● **Instructions for the task**:
Going down the listing below, print exactly each line from the one with "Répondre à un" up to and including the one with "随后,休养的教职工队伍来到从", and skip the rest.

─── Records for this task ───

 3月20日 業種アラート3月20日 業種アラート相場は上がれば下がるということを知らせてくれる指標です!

───
─── Records for this task ───

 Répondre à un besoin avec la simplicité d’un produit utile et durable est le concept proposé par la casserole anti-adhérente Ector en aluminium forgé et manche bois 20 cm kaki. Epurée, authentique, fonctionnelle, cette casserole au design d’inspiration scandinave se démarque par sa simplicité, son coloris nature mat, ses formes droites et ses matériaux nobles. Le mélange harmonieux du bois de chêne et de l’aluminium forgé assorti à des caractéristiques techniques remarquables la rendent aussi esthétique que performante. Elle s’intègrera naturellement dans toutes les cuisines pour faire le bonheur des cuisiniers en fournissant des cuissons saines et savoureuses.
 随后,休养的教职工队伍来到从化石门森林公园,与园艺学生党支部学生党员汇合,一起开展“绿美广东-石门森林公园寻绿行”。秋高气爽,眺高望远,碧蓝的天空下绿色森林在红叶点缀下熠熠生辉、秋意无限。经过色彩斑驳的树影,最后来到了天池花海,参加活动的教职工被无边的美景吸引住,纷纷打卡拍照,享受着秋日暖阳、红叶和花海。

───
─── Records for this task ───

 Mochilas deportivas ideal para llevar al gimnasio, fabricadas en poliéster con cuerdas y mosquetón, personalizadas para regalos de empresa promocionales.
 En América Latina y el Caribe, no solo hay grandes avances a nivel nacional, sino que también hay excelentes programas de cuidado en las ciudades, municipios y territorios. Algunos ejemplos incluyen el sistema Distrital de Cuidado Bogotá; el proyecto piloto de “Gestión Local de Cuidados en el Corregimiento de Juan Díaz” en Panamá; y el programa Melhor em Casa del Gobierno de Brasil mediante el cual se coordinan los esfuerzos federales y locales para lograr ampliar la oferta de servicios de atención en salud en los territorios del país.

───

● **Result of this task**:
 Répondre à un besoin avec la simplicité d’un produit utile et durable est le concept proposé par la casserole anti-adhérente Ector en aluminium forgé et manche bois 20 cm kaki. Epurée, authentique, fonctionnelle, cette casserole au design d’inspiration scandinave se démarque par sa simplicité, son coloris nature mat, ses formes droites et ses matériaux nobles. Le mélange harmonieux du bois de chêne et de l’aluminium forgé assorti à des caractéristiques techniques remarquables la rendent aussi esthétique que performante. Elle s’intègrera naturellement dans toutes les cuisines pour faire le bonheur des cuisiniers en fournissant des cuissons saines et savoureuses.
 随后,休养的教职工队伍来到从化石门森林公园,与园艺学生党支部学生党员汇合,一起开展“绿美广东-石门森林公园寻绿行”。秋高气爽,眺高望远,碧蓝的天空下绿色森林在红叶点缀下熠熠生辉、秋意无限。经过色彩斑驳的树影,最后来到了天池花海,参加活动的教职工被无边的美景吸引住,纷纷打卡拍照,享受着秋日暖阳、红叶和花海。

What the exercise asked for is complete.